Data Science Notes

Sequence Modeling

  • LSTM is awesome, but not good enough
  • Transformers: how and why
  • $f(X) \approx y$, where $f$ is the model, X is the input and $y$ is the outcome/prediction
  • Sequence Modeling is a problem
  • $f:\mathbb{R}^d \mapsto \mathbb{R}$, $\mathbb{R}^d$ contains fixed size $d$ vectors
  • can not represent documents a fixed size vector
  • Documents are of various lengths
  • Not aware of any linear algebra that works on variable dimensionality
  • Classic way: bag of words
  • Order matters: “work to live” vs “live to work”; Both score same.
  • Solution would be N-grams dimensionality $V^N$
  • Bi-grams (Every pair of possible words)
  • Tri-grams (Every combination of three words)
  • This way we can distinguish between the two
  • English tri-grams: (10^15) dimensions
  • All sort of problems with that size of dimensions.
  • A natural way to solve this problem is the RNN (Recurrent Neural Network)
  • How to calculate $f(x_1,x_2,x_3,\cdots,x_n)$
  • A for-loop in math $H_{i+1}=A(H_i,X_I$)

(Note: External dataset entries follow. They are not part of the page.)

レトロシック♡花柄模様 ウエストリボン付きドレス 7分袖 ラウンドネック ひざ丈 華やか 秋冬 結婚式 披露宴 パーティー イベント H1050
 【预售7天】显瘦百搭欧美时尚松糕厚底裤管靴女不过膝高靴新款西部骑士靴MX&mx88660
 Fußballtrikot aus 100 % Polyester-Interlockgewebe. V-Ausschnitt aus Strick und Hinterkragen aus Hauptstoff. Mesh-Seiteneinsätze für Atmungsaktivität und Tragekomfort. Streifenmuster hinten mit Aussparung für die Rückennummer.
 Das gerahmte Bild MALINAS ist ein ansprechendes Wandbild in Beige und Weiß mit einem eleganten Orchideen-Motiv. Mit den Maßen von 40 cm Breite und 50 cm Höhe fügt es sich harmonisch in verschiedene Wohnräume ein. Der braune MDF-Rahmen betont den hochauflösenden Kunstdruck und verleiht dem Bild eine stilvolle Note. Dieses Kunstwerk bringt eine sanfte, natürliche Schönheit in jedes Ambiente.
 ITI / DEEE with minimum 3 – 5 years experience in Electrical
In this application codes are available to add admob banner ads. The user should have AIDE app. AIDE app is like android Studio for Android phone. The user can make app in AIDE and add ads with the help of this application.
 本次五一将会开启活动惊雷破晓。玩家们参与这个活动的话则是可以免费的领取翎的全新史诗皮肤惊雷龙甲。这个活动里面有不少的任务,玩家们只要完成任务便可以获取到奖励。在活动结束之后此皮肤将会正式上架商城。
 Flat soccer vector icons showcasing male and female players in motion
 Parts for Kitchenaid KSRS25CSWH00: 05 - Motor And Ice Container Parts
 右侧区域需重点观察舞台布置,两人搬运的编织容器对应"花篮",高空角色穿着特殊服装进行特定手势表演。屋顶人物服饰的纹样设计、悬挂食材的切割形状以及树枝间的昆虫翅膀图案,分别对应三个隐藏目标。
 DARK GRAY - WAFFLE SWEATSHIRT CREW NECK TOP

  • The problem with RNN is vanishing and exploding gradients
    $H_3= A(A(A(H_0,x_0),x_1),x_2)$
    $A(H,x):=Wx+ZH$
    $H_N=W^N x_0 + W^{N-1} x_1 + …$
  • For 100 words, W^100, $0.9^100=7 \times 10^{-10}$, $1.1^100=189905276$
  • In linear algebra, this is about same except we need to think about eigenvalues of the matrix
  • Eigenvalues say- how much the matrix is going to grow or shrink vectors when the transformations are applied
  • If the eigenvalues are les than one, we see the gradients go to zero. If #\lambda>1$, gradients are going to explode.
  • This made RNN extremely difficult, So LSTM to the rescue
  • LSTM is a kind of Learning; Here it is not applied recursively on the main hidden vector, it is not like a CNN resnet.